S-Corporations are taxed similar to an LLC. There is pass-through taxation where the corporation does not pay tax on its income, instead, the shareholders are paying tax based on the amount of shares they own.  

C-Corporations are taxed differently. The corporation itself pays taxes on its income, and it is not passed through to its shareholders. If the C-Corp distributes money (dividends) to its shareholders, the shareholders pay tax on it. For this reason, a C-Corp has what is called double taxation. This is where the business pays tax on its income, and then the shareholders pay tax on its dividends. This type of structure often does not make sense for small businesses.  

Furthermore, an S-Corp must be a domestic entity, 100 or fewer owners, and all of its owners must be individuals and not entities. S-Corps can only issue one type of stock, common stock. C-Corps, on the other hand, do not have the same restrictions as an S-Corp, and often are a better choice for companies, particularly as they grow and expand their shareholder base. Moreover, C-Corps may issue two types of stock, common and preferred.  This allows for more flexibility when raising money from investors, some of whom will opt for preferred shares which convey additional rights relative to common shareholders.  Because investors in early-stage companies look for these enhanced rights, the C-Corp structure is popular with companies that expect to raise money, particularly those looking to raise several rounds of funding.  

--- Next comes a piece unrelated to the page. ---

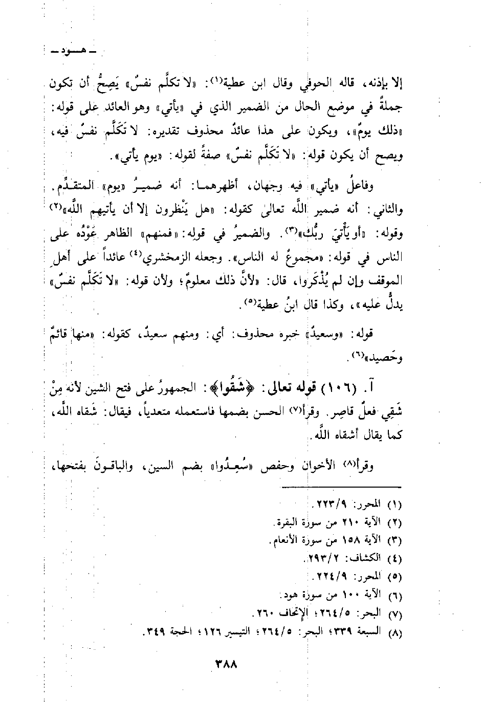 إلا بإذنه، قاله الحوفي وقال ابن عطية: «لا تكلَّم نفسٌ» يَصِحُّ أن تكون جملةً في موضع الحال من الضمير الذي في «يأتي» وهو العائد على قوله: «ذلك يومٌ» ، ويكون على هذا عائدٌ محذوف تقديره: لا تَكَلَّم نفسٌ فيه، ويصح أن يكون قوله: {لاَ تَكَلَّمُ نَفْسٌ} صفةً لقوله: «يوم يأتي» .

In the early stages, it may not make sense for your business to be a corporation. However, switching from one to the other as needed is fairly simple: if you are filed with the secretary of state one way, all it takes is filing the proper paperwork to switch your business from an LLC to an S-Corp, or an S-Corp to a C-Corp.  

This post was written by Sam Sherman and Jeffrey Camp. Mr. Sherman is member of the Cane Angel Network investment team and will receive his JD and MBA in May 2022. Mr. Camp is the Managing Director of the Cane Angel Network.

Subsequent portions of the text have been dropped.